The Civic Museum of the Risorgimento is located in the ground floor of the Casa Carducci, located in Piazza Carducci 5, in central Bologna, Italy.

==Church of Madonna del Piombo==
Prior to being a Museum, part of the site had housed the church of the Madonna della Pietà, known commonly as the Madonna del Piombo (Virgin Mary of the Lead). It was so named because it contained a relief of the Madonna etched on a lead plate, attributed to Sperandio Savelli, that had gained veneration. There is also a legend that in the first years of the 16th century the icon had been discovered by youths playing here, near the city walls, and this led to the first chapel, then church.

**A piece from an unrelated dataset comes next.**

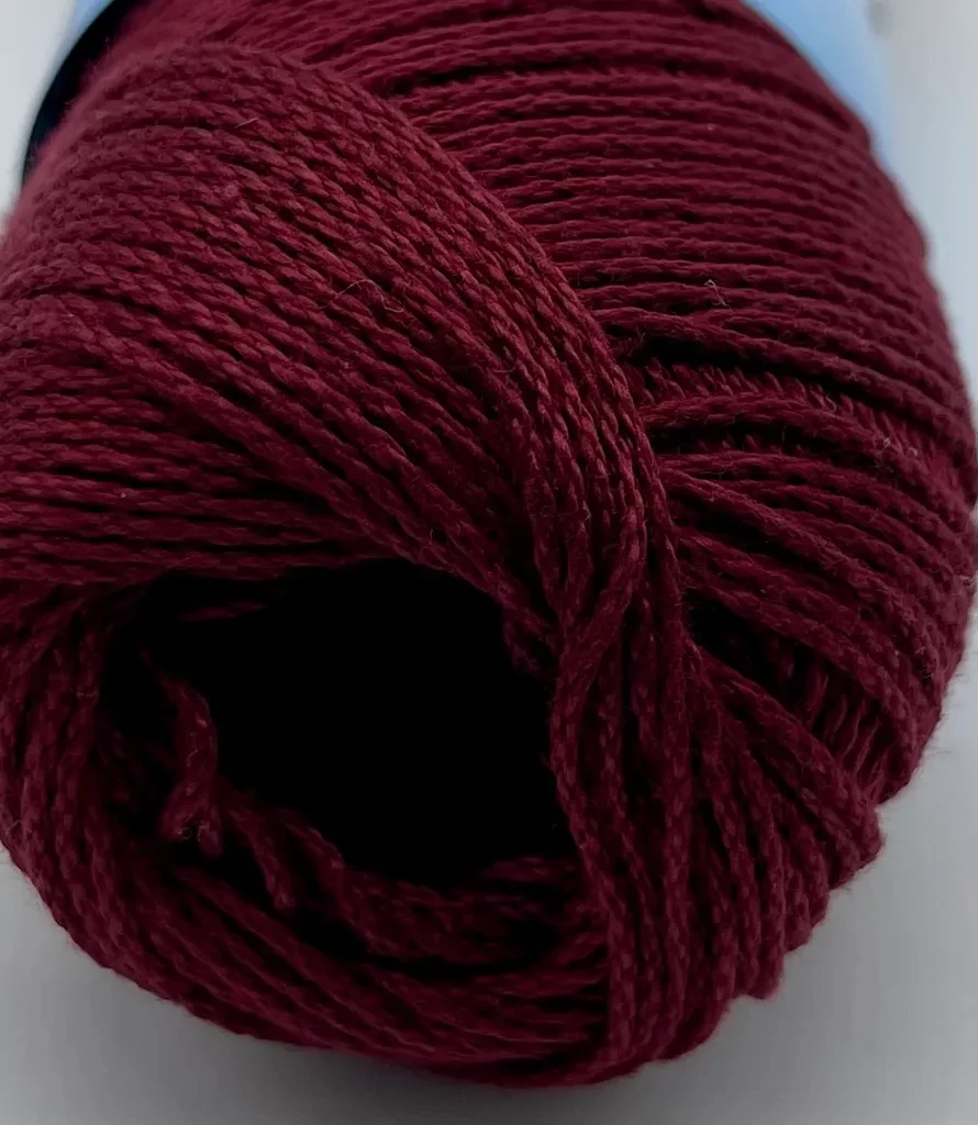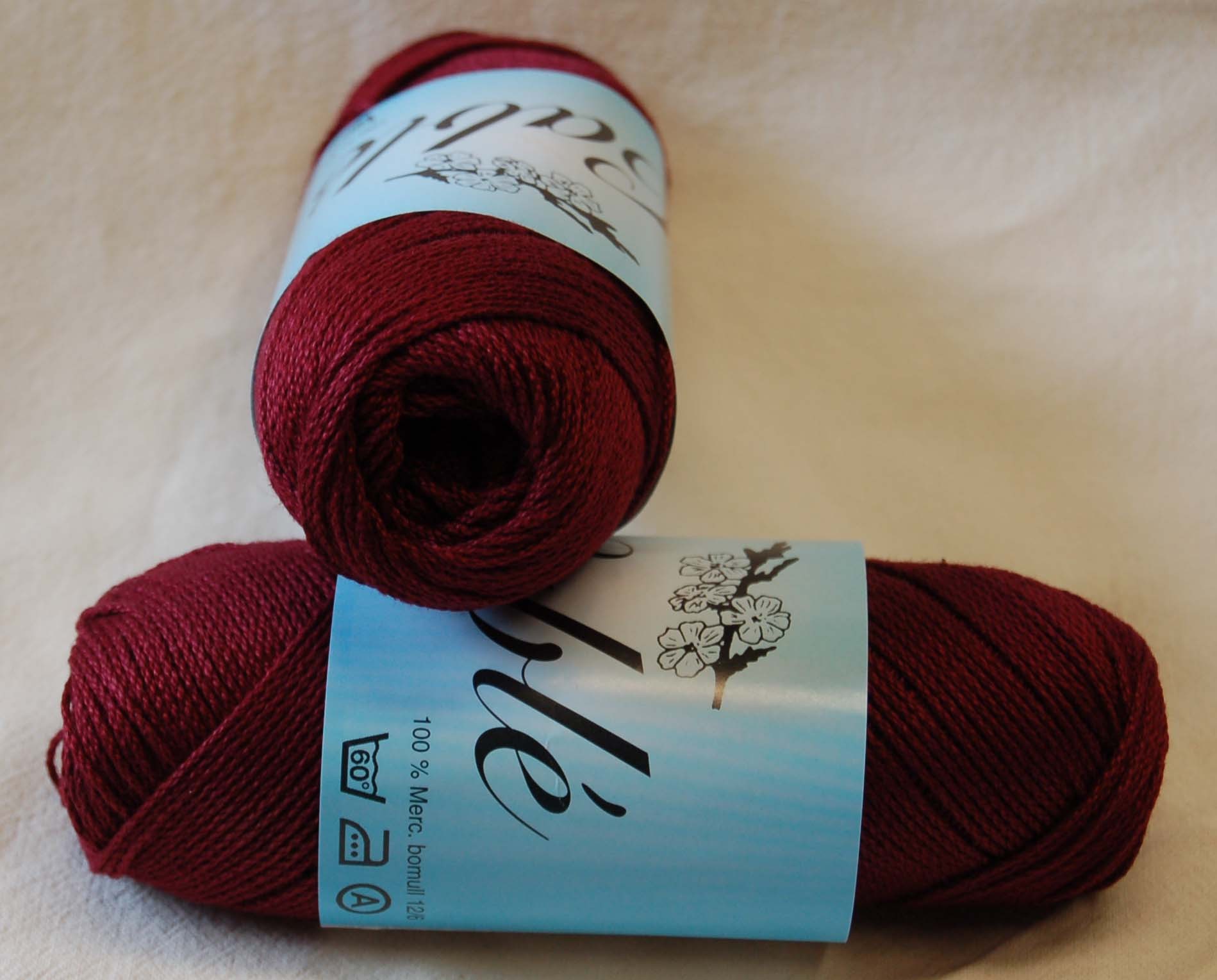 Cablé 12/6 härva 6317 plommon Kinna textil Kabeltvinnat 100 % merciserat bomull. 200 gram per härva, ca 680 meter. Stickor 3, virknål 2-2,5. 60 grader maskintvätt. 149 kr

This church burned down in 1712, but was soon replaced by a frescoed oratory completed in 1752. This oratory whose facade is represented by the three round arches with double central pilasters. After the Napoleonic occupation, the members of the company who owned the oratory had the structure deconsecrated and the contents sold off to antiquarians.
The oratory had been decorated by the artists Antonio Rossi, Ercole Graziani the Younger, Gaetano Ferratini, Giuseppe Orsoni, Antonio Gionima, and Lorenzo Garbieri.

==The Museum==
A Bolognese Museum of the Risorgimento (see Italian unification) was first inaugurated on June 12, 1893. The museum has exhibits that chronicle the history from the Napoleonic invasions to the end of the First World War. The main exhibits are divided into 5 eras:
- The Napoleonic Era (1796-1814)
- The Restoration of Papal States (1815-1848)
- The Epic of the Risorgimento (1848-1860)
- The Unification of Italy (1860-1914)
- Bologna at War (1915-1918)

The Museum houses a library of documents and an archive of diverse items from the period. It houses the a project towards maintenance of the city's monumental cemetery at the Certosa di Bologna.

The museum has varied in scope and themes across the decades. The initial founding of the museum focused on the patriotic events leading to Italian sovereignty and union. During and after the First World War, this conflict was defined as the Fourth War of Independence. Fascism added to the focus, the ideals of a greater Italy, the aggressive colonial wars that led to the formation of Italian East Africa, the Italian intervention in the Spanish Civil War, and the Second World War. The museum first closed in 1943, and did not reopen until 1954. Fascist wars and goals were now removed as a focus, and the Resistance to Fascism was viewed as the Second Risorgimento. The museum closed again from 1962 to 1975, and now focuses on the history prior to the Italy's entry into World War II.

The museum was located in the present Casa Carducci premises only in 1990, and includes the premises of the oratory. The Casa Carducci was the last home of the poet Giosuè Carducci, who was awarded the Nobel Prize in literature in 1906.